Since these sickle shaped cells are abnormal, they are destroyed swiftly by the body. Instead of the normal 120 days life cycle, sickle shaped red blood cells have only a 10-20 day life span. These cells are not very fluid and can get lodged into the blood vessels, clogging the vessels and deterring the normal flow of blood. This blockage can cause severe damage to not only the blood vessels, but also the organs, bones and muscles where blood cannot reach because of the clogging. Such a blockage is extremely painful and can eventually result in death.
The blood test for sickle cell trait is done though a method known as the High Performance Liquid Chromatography. This test is important in order to identify the kind of hemoglobin present in the red blood cells.

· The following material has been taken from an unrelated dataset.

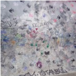
Muro di Berlino – East Side Gallery
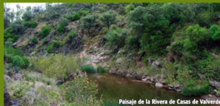
Paisaje de la Rivera de Casas de Valverde

A lo largo del recorrido, por el sendero paralelo a la Rivera, observamos inicialmente una gran explanada recta conocida como "Vega de las Cabras". Casi al final de ésta desemboca por la izquierda el Barranco de la Higuera. A partir de aquí, y hasta un cortafuego próximo, toda la ladera derecha es

However, the HPLC is only an indicative test and a further genetic test needs to be done in order to confirm the presence of sickle cell traits.

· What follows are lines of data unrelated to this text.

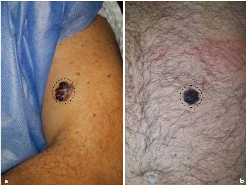
Figura 16.3 Biopsia escisional con margen de 1-3 mm alrededor de la lesión ( línea punteada ), resección quirúrgica con bisturí. a Melanoma extensivo superficial localizado en el brazo, de 2 cm de diámetro mayor. b Melanoma extensivo superficial localizado en el abdomen, de 1,5 cm de diámetro.
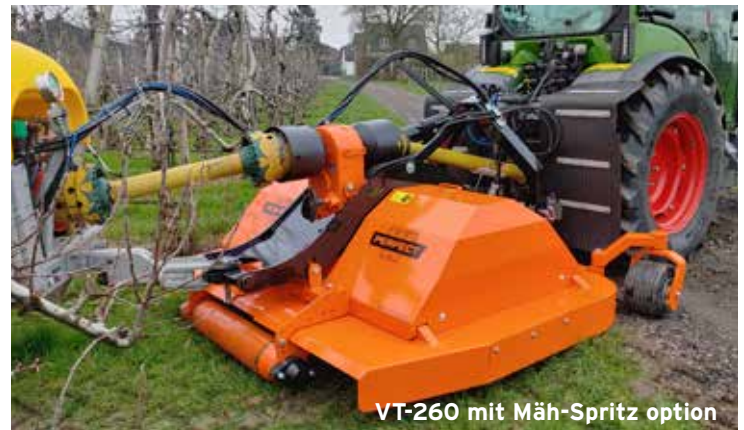
VT-260 mit Mäh-Spritz option
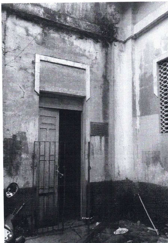
Foto setor administrativo

The disease is an autosomal recessive disease. If a person is suffering from sickle cell disease, it means that sickle cell traits have been inherited from both the parents. When both genes inherited from the parents are normal, the child is normal and will have normal blood unless the child is suffering from some other disease. If the child has inherited one gene that synthesizes hemoglobin A and another that synthesizes hemoglobin S, the child may not develop sickle cell disease, but will be a carrier and may pass it on to the next generation.

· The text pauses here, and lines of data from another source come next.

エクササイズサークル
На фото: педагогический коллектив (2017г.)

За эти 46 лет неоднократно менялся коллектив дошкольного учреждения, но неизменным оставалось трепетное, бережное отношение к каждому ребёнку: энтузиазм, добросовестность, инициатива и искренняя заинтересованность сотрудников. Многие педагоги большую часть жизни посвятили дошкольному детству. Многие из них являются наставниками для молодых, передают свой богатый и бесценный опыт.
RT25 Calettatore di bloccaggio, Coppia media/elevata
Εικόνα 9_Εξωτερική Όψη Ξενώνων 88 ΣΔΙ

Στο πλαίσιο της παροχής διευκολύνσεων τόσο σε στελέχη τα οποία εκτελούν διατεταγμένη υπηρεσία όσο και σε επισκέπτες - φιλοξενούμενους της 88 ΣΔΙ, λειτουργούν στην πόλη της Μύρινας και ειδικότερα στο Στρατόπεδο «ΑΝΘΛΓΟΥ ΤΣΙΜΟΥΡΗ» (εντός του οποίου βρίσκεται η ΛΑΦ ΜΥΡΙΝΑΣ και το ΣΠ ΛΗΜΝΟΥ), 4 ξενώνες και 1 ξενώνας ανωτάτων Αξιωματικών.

In a lot of regions all over the world, it is mandatory to get a newborn child tested for sickle cell anemia. The tests are also strongly recommended for anyone who has a family member suffering from the disease. Today, the tests are sophisticated enough to test the fetus for hemoglobin abnormalities.
However, if you have had a transfusion even as long as four months before a test, the results may not be accurate. The normal RBC, which may have been obtained from the donor’s blood, can stay in the body for 120 days and therefore the tests will be falsely negative.